Closed femtomc closed 2 years ago
Taking a deeper dive on this than our earlier call, I have the following thoughts:
1) As discussed, we need to add support for Julia custom gradients. 2) I'm not as well versed in how Julia implements indirect function calls, but differentiating the call to cl.fn may require special care to ensure the bitcode is available @vchuravy 3) From there all you should need to do is use Enzyme on fn or even better cl.fn with appropriate creation of active/inactive arguments as necessary for the choice of gradients required (thereby only computing the required adjoints).

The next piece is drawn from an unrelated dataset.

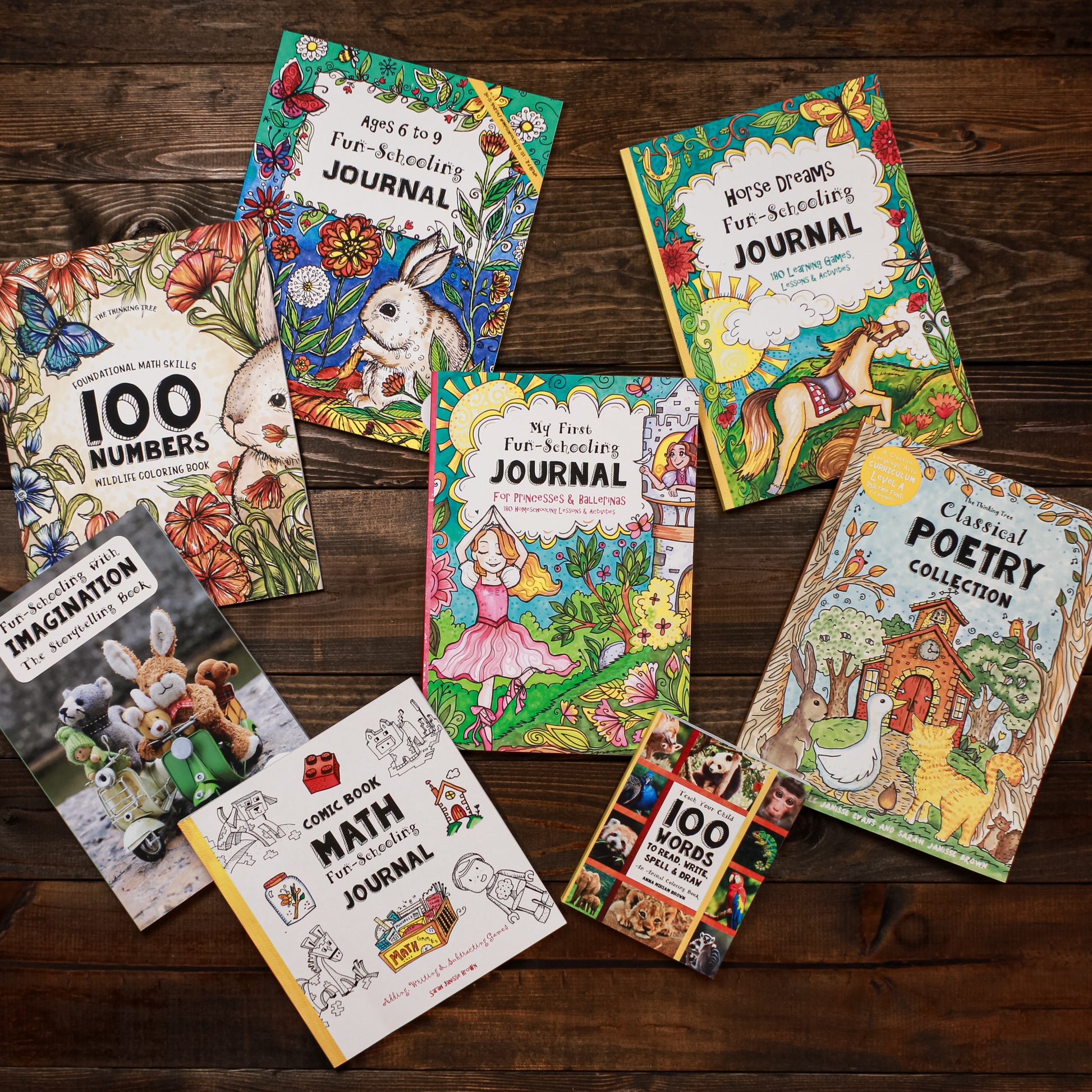 - Fun-Schooling with Imagination: Full-color storytelling journal with whimsical photos that spark narration and creative writing.

I'm not as well versed in how Julia implements indirect function calls, but differentiating the call to cl.fn may require special care to ensure the bitcode is available
There are two forms here, the first on is that DynamicCallSite
is parameterized on fn::Fn
and thus at compile time it is clear that cl.fn::Fn
then Julia will potentially inline the call and if not Enzyme.jl will collect it into the bitcode file given to Enzyme.
If at the callsite cl.fn::Function
we have a dynamic call, and we need a custom adjoint for jl_apply_generic
and need to reason much more directly about jl_value_t*
.
Assuming the former, the question becomes how do I define a custom adjoint to read_choice
and communicate it from Julia all the way to down to Enzyme. This is challenging in it's own right, since Julia can do inlining before Enzyme.jl sees the code, and maintaining function/method identity between Julia and LLVM is non-trivial.
I wonder if we might be able to side-step this by using function pointers...
struct EnzymeFn{rt, tt}
primal::Ptr{Cvoid}
adjoint::Ptr{Cvoid}
end
function (ef::EnzymeFn{rt, tt})(args...)
attach_adjoint(ef.primal, ef.adjoint) # Enzyme intrinsic
# complicated ABI handling
ccall(ef.primal, rt, (tt...), args...)
end
ef = EnzymeFn{Int, Tuple{Int, Int}}(
@cfunction(+, Int, (Int, Int)),
@cfunction(-, #= Adjoint calling convention =#)
)
So the first thing that I'm going to do is make c-extern versions of the relevant gradient functions available.
@vchuravy If I have an enum is this accessible to you, or should just have them be ints.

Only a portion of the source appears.